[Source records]
-.-.-

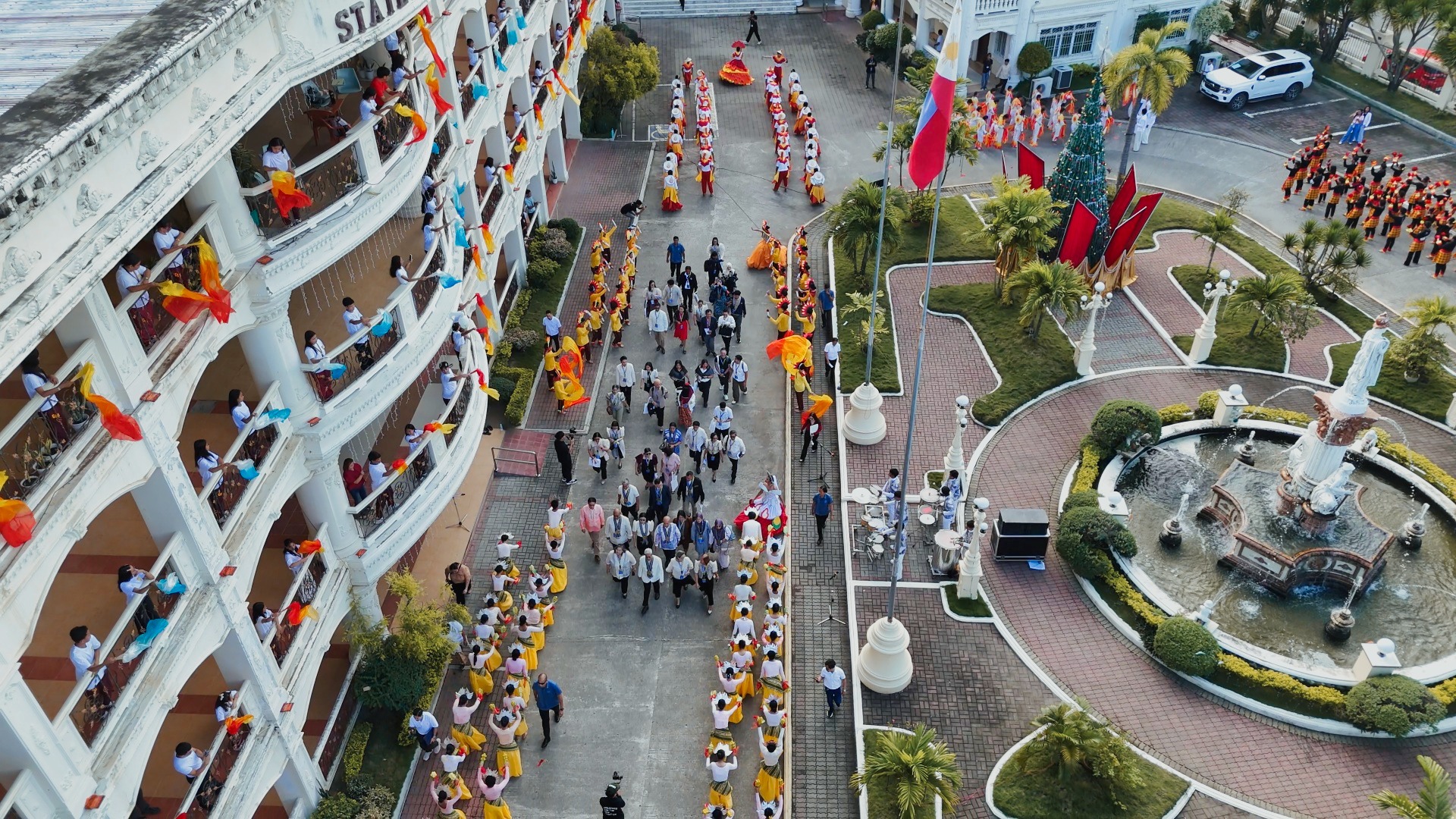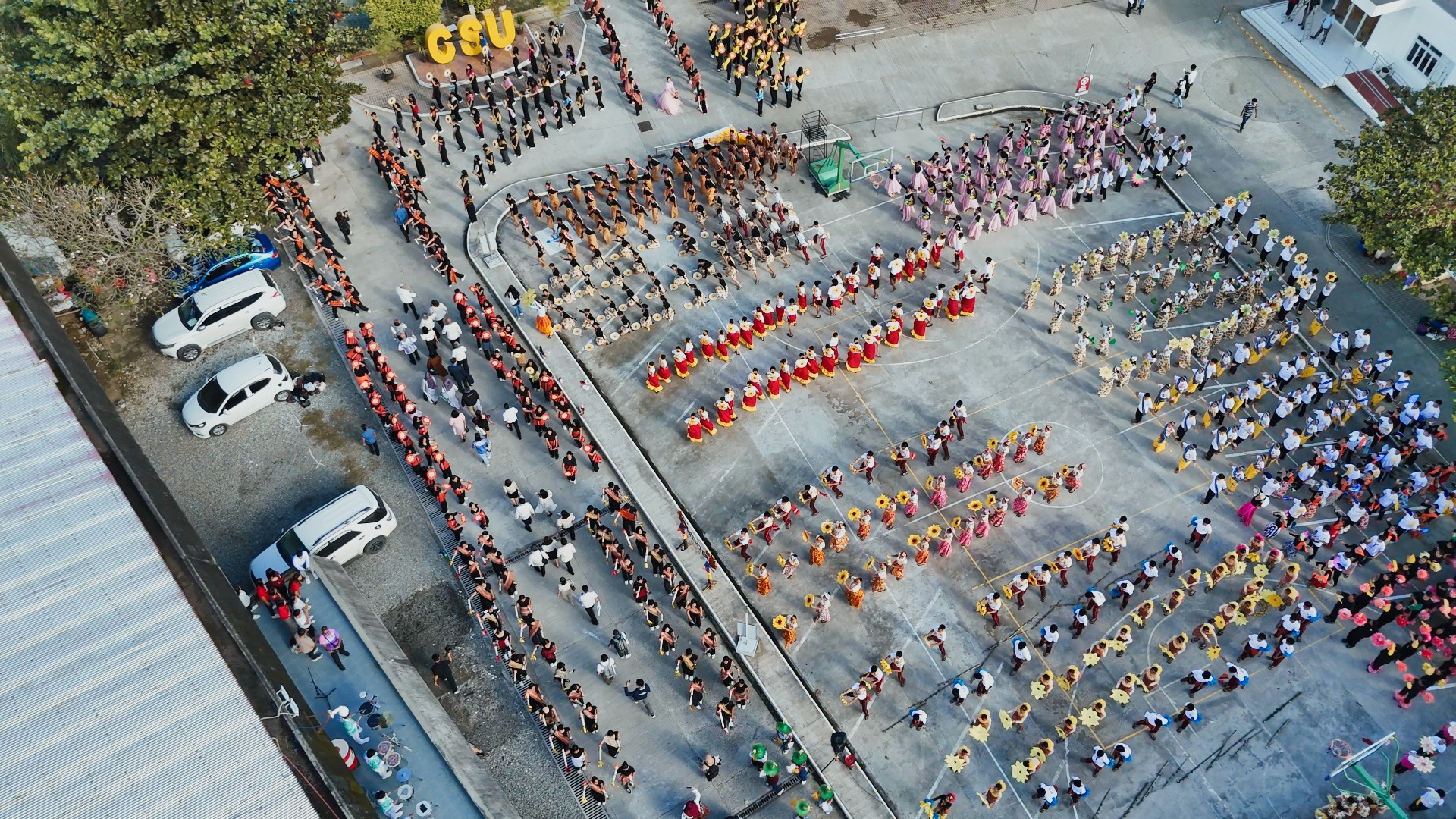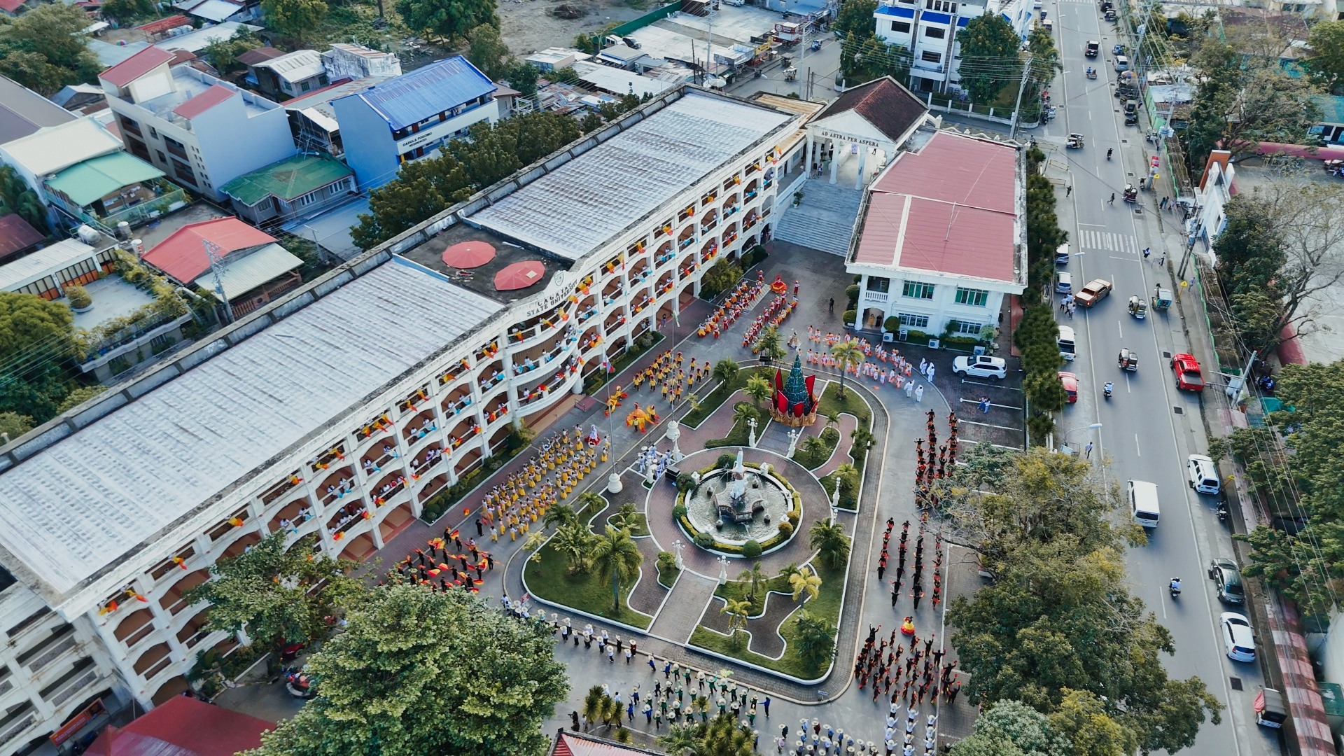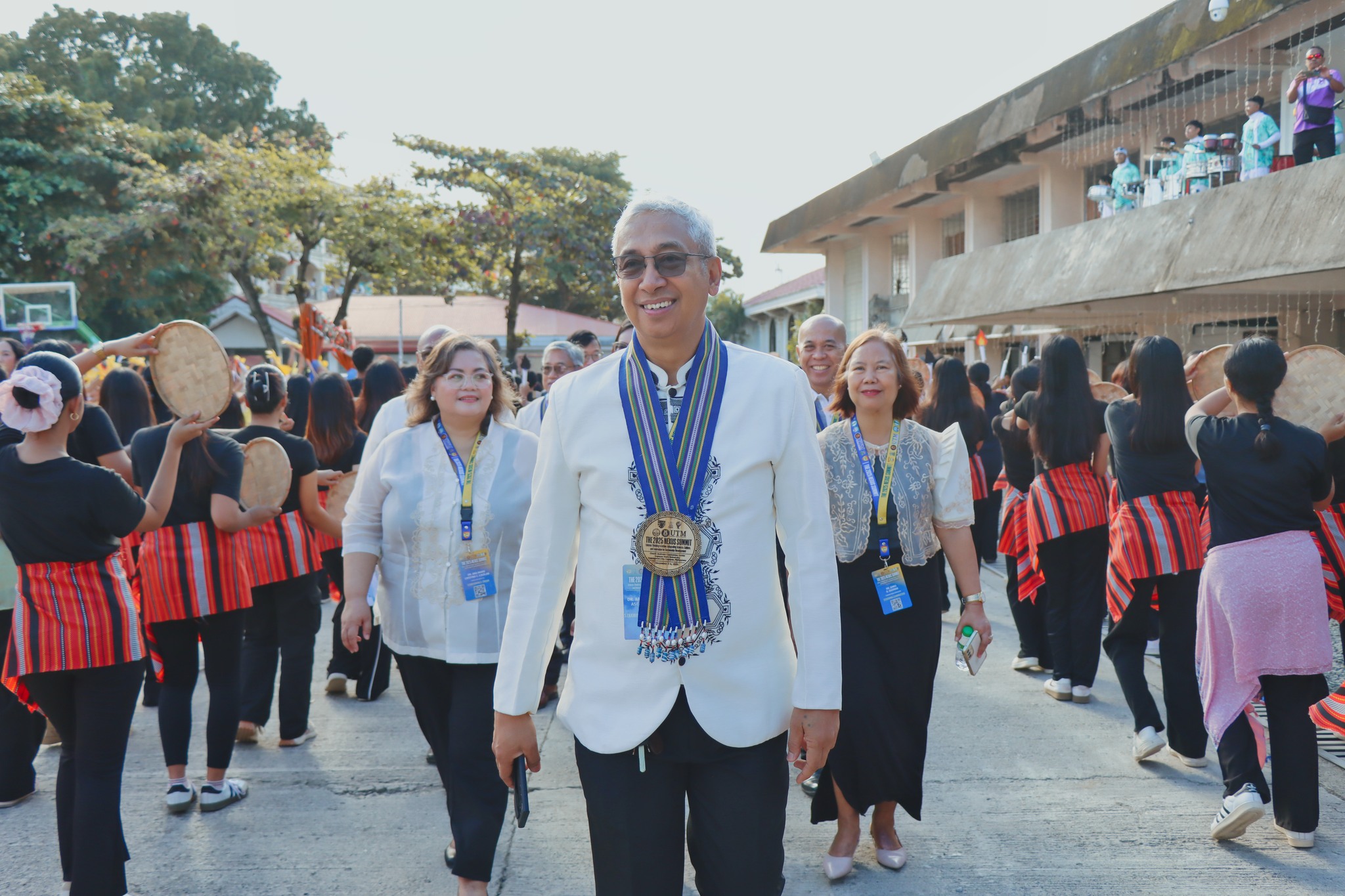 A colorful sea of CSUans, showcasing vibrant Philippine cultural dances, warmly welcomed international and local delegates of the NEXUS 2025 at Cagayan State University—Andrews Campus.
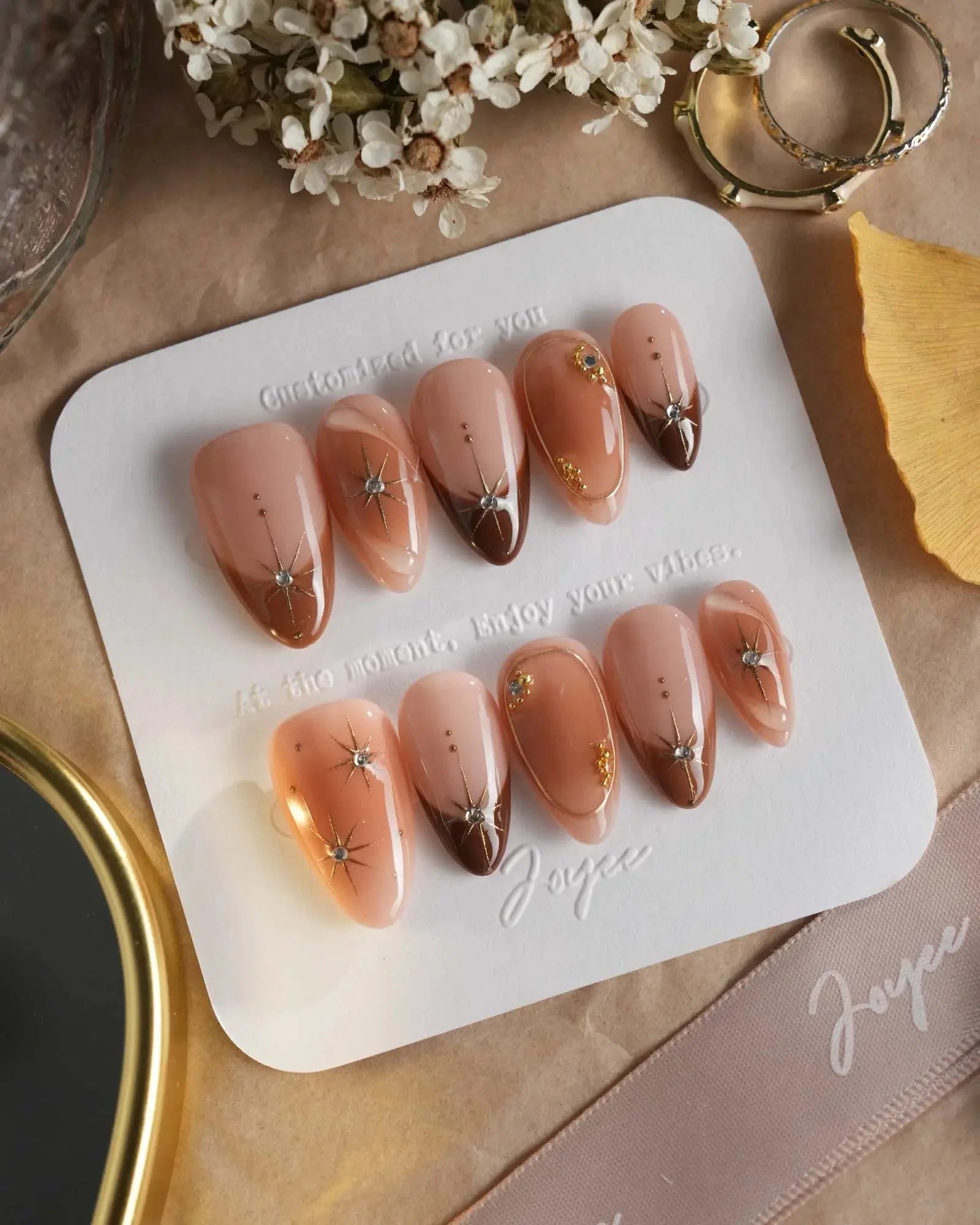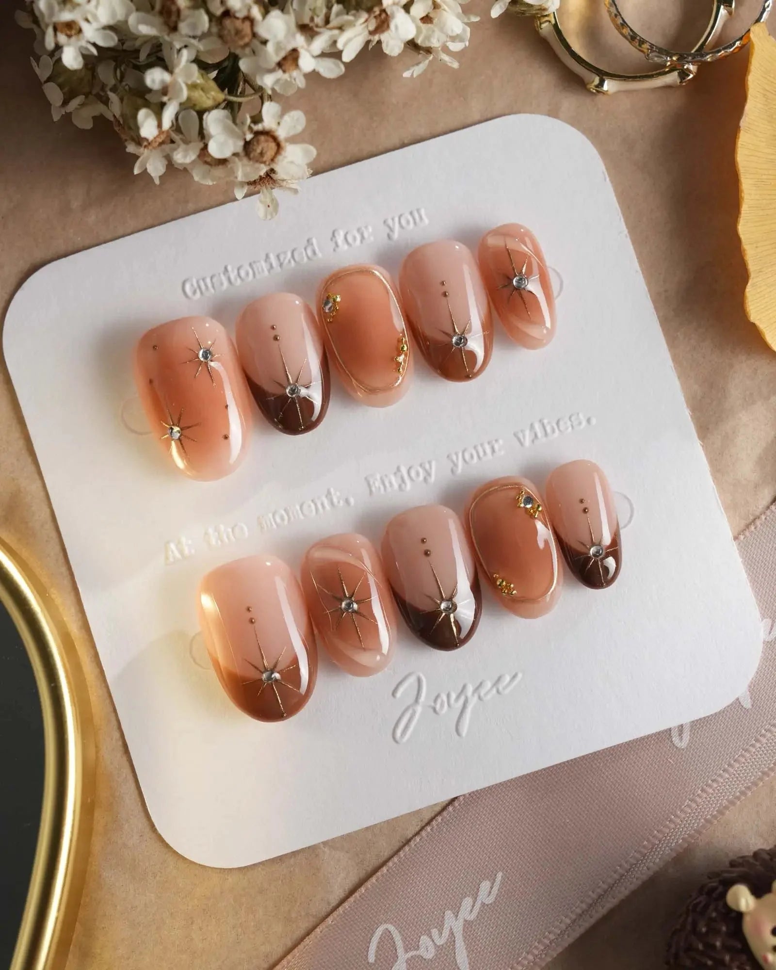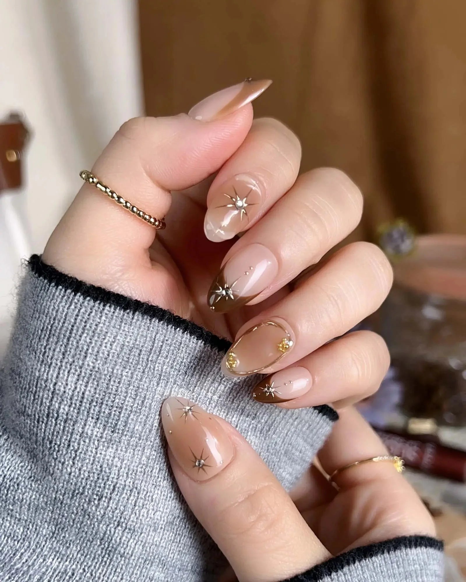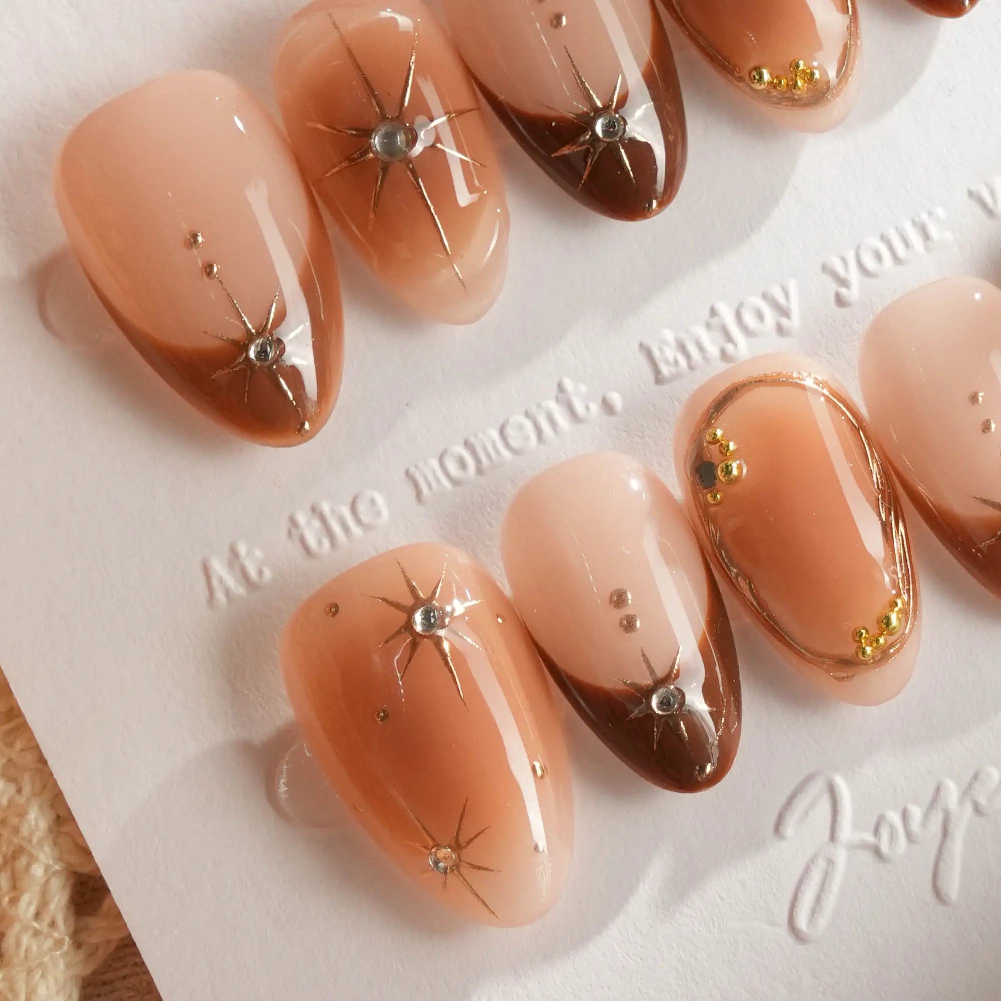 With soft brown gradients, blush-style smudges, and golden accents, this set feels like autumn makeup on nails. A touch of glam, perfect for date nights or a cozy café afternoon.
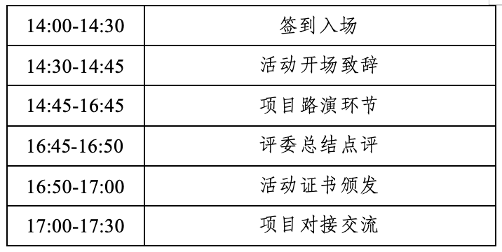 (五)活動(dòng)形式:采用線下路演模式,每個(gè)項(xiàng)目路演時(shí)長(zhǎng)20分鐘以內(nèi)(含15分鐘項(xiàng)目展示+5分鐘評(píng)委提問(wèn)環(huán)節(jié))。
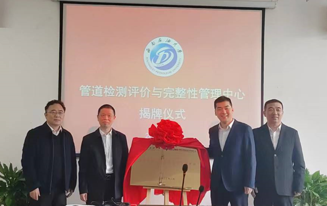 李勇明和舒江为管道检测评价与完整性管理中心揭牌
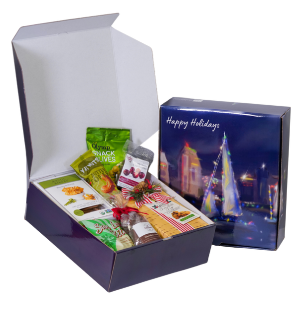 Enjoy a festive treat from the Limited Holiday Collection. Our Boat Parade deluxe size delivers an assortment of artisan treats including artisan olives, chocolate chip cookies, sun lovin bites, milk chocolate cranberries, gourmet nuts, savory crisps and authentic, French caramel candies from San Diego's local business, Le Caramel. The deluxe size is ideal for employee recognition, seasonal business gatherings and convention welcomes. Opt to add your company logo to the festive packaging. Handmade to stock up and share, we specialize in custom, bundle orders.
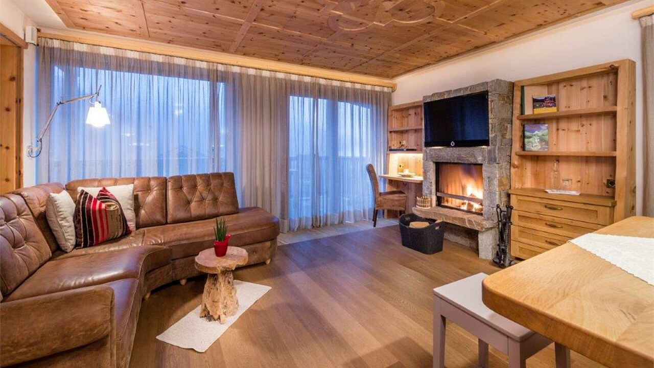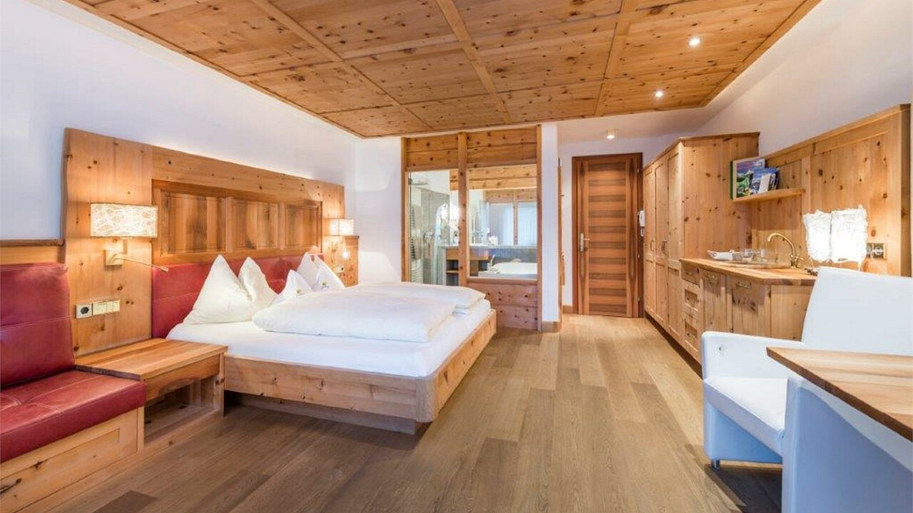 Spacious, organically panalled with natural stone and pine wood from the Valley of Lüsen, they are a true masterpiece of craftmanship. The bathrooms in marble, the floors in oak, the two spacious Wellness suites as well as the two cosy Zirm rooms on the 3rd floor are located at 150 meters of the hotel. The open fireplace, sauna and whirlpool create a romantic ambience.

-.-.-

§ **What needs to be done**
From the line that contains "李勇明和舒江为管道检测评价与完整性管理中心揭牌" to the last line of the data, print each line exactly, both ends included, and omit the pictures.

§ **Written solution**
 李勇明和舒江为管道检测评价与完整性管理中心揭牌
 Enjoy a festive treat from the Limited Holiday Collection. Our Boat Parade deluxe size delivers an assortment of artisan treats including artisan olives, chocolate chip cookies, sun lovin bites, milk chocolate cranberries, gourmet nuts, savory crisps and authentic, French caramel candies from San Diego's local business, Le Caramel. The deluxe size is ideal for employee recognition, seasonal business gatherings and convention welcomes. Opt to add your company logo to the festive packaging. Handmade to stock up and share, we specialize in custom, bundle orders.
 Spacious, organically panalled with natural stone and pine wood from the Valley of Lüsen, they are a true masterpiece of craftmanship. The bathrooms in marble, the floors in oak, the two spacious Wellness suites as well as the two cosy Zirm rooms on the 3rd floor are located at 150 meters of the hotel. The open fireplace, sauna and whirlpool create a romantic ambience.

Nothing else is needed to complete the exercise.